**WORK TO COMPLETE**
Write the listing out again word for word. Pictures do not belong in the copy.

**COLLECTED MATERIAL**
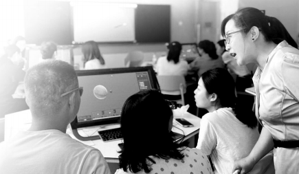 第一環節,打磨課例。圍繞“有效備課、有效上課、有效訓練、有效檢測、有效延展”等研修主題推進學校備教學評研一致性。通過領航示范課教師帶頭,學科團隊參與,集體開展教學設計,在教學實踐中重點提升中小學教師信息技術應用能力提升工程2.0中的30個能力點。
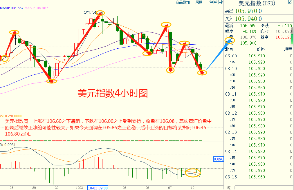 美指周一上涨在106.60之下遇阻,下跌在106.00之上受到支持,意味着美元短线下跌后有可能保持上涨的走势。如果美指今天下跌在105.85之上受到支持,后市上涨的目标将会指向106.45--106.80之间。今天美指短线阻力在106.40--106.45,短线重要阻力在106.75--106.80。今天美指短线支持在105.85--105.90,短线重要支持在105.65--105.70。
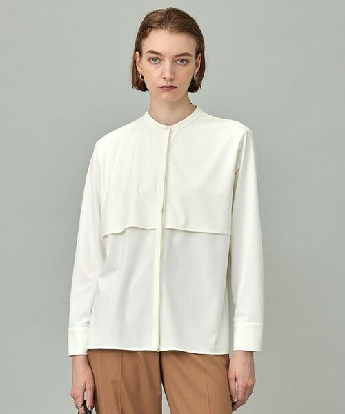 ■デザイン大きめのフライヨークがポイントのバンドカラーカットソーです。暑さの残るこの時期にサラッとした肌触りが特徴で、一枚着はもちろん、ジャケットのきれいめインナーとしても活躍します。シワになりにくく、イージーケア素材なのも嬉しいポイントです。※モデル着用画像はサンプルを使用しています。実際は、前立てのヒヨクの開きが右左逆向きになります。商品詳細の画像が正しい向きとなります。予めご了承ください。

**SOLUTION TO THE PROBLEM**
 第一環節,打磨課例。圍繞“有效備課、有效上課、有效訓練、有效檢測、有效延展”等研修主題推進學校備教學評研一致性。通過領航示范課教師帶頭,學科團隊參與,集體開展教學設計,在教學實踐中重點提升中小學教師信息技術應用能力提升工程2.0中的30個能力點。
 美指周一上涨在106.60之下遇阻,下跌在106.00之上受到支持,意味着美元短线下跌后有可能保持上涨的走势。如果美指今天下跌在105.85之上受到支持,后市上涨的目标将会指向106.45--106.80之间。今天美指短线阻力在106.40--106.45,短线重要阻力在106.75--106.80。今天美指短线支持在105.85--105.90,短线重要支持在105.65--105.70。
 ■デザイン大きめのフライヨークがポイントのバンドカラーカットソーです。暑さの残るこの時期にサラッとした肌触りが特徴で、一枚着はもちろん、ジャケットのきれいめインナーとしても活躍します。シワになりにくく、イージーケア素材なのも嬉しいポイントです。※モデル着用画像はサンプルを使用しています。実際は、前立てのヒヨクの開きが右左逆向きになります。商品詳細の画像が正しい向きとなります。予めご了承ください。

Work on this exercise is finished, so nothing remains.